Try it:
Output each line of the data below exactly, omitting any image.
Start of Task data
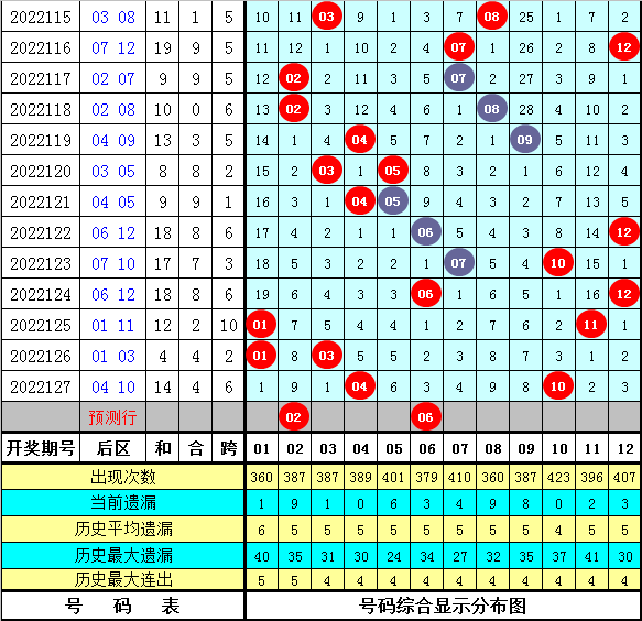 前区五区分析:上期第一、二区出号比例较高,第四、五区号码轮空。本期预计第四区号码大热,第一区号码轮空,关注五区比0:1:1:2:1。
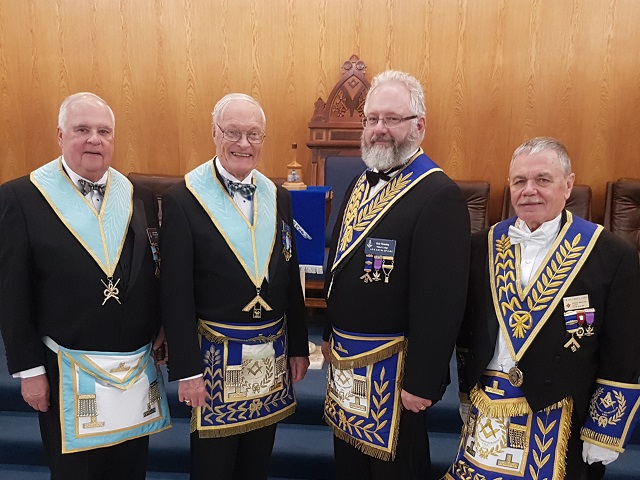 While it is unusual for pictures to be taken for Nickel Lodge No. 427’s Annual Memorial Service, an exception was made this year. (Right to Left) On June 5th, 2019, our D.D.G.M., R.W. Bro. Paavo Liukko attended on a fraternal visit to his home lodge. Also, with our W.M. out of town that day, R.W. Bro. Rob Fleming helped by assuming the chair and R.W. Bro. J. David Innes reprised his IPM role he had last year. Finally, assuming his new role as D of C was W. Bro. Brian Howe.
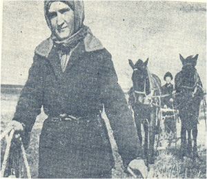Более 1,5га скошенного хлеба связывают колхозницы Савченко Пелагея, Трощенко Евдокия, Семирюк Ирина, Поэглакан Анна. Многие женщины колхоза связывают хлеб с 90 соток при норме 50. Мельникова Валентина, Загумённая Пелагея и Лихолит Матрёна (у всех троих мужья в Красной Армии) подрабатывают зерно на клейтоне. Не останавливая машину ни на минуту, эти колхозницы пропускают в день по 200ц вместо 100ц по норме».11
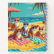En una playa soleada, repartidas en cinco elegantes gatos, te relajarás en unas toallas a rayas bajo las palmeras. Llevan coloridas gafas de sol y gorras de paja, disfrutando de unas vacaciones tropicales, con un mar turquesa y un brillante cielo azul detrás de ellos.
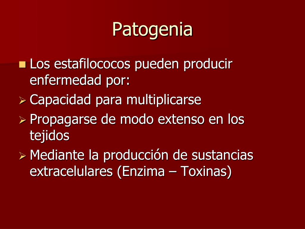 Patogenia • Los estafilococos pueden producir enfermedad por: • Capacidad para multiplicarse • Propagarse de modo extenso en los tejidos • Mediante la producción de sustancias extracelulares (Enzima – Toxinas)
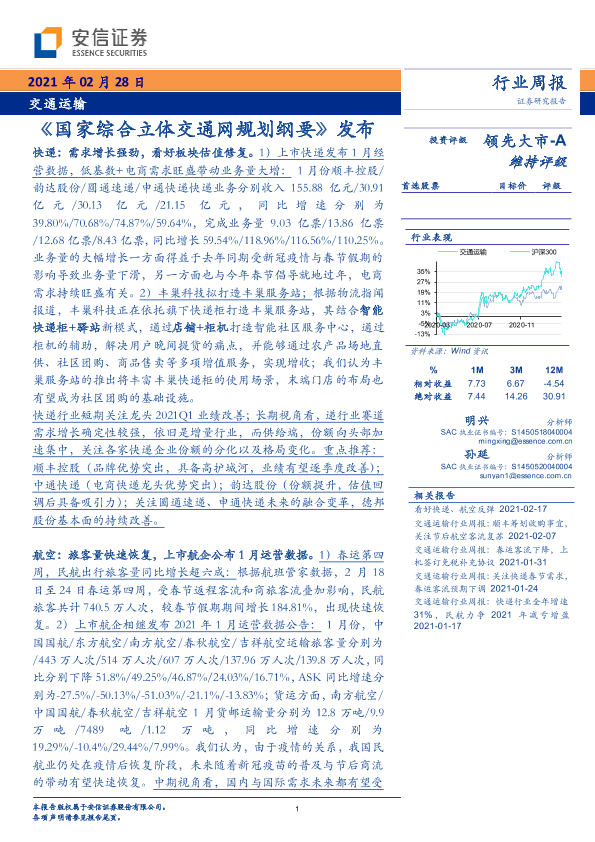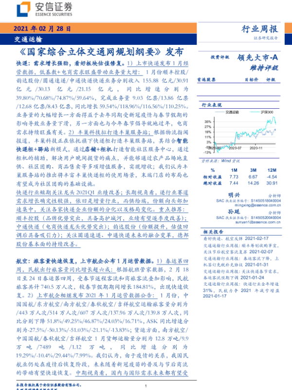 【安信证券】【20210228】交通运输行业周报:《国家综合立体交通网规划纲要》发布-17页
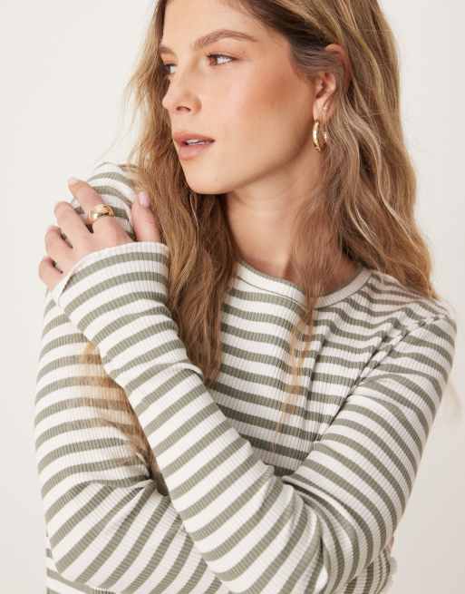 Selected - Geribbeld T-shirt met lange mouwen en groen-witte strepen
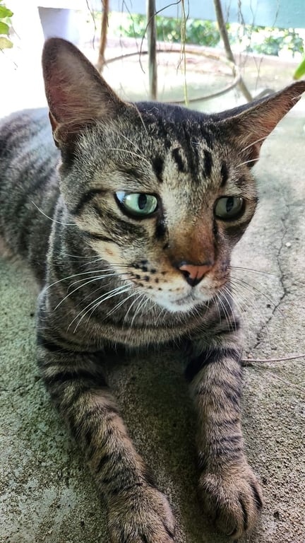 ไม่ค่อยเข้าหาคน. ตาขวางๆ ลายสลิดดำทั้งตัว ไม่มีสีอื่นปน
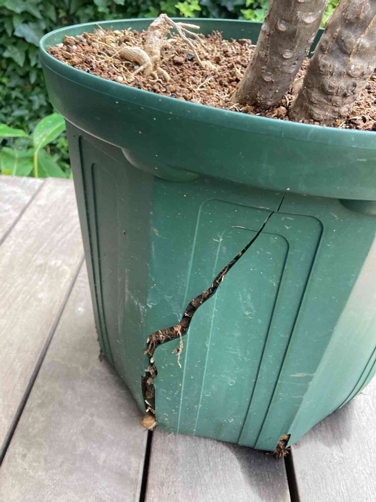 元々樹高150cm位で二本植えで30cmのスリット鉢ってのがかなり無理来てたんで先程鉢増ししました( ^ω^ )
End of Task data
Exercise result:
 前区五区分析:上期第一、二区出号比例较高,第四、五区号码轮空。本期预计第四区号码大热,第一区号码轮空,关注五区比0:1:1:2:1。
 While it is unusual for pictures to be taken for Nickel Lodge No. 427’s Annual Memorial Service, an exception was made this year. (Right to Left) On June 5th, 2019, our D.D.G.M., R.W. Bro. Paavo Liukko attended on a fraternal visit to his home lodge. Also, with our W.M. out of town that day, R.W. Bro. Rob Fleming helped by assuming the chair and R.W. Bro. J. David Innes reprised his IPM role he had last year. Finally, assuming his new role as D of C was W. Bro. Brian Howe.
Более 1,5га скошенного хлеба связывают колхозницы Савченко Пелагея, Трощенко Евдокия, Семирюк Ирина, Поэглакан Анна. Многие женщины колхоза связывают хлеб с 90 соток при норме 50. Мельникова Валентина, Загумённая Пелагея и Лихолит Матрёна (у всех троих мужья в Красной Армии) подрабатывают зерно на клейтоне. Не останавливая машину ни на минуту, эти колхозницы пропускают в день по 200ц вместо 100ц по норме».11
En una playa soleada, repartidas en cinco elegantes gatos, te relajarás en unas toallas a rayas bajo las palmeras. Llevan coloridas gafas de sol y gorras de paja, disfrutando de unas vacaciones tropicales, con un mar turquesa y un brillante cielo azul detrás de ellos.
 Patogenia • Los estafilococos pueden producir enfermedad por: • Capacidad para multiplicarse • Propagarse de modo extenso en los tejidos • Mediante la producción de sustancias extracelulares (Enzima – Toxinas)
 【安信证券】【20210228】交通运输行业周报:《国家综合立体交通网规划纲要》发布-17页
 Selected - Geribbeld T-shirt met lange mouwen en groen-witte strepen
 ไม่ค่อยเข้าหาคน. ตาขวางๆ ลายสลิดดำทั้งตัว ไม่มีสีอื่นปน
 元々樹高150cm位で二本植えで30cmのスリット鉢ってのがかなり無理来てたんで先程鉢増ししました( ^ω^ )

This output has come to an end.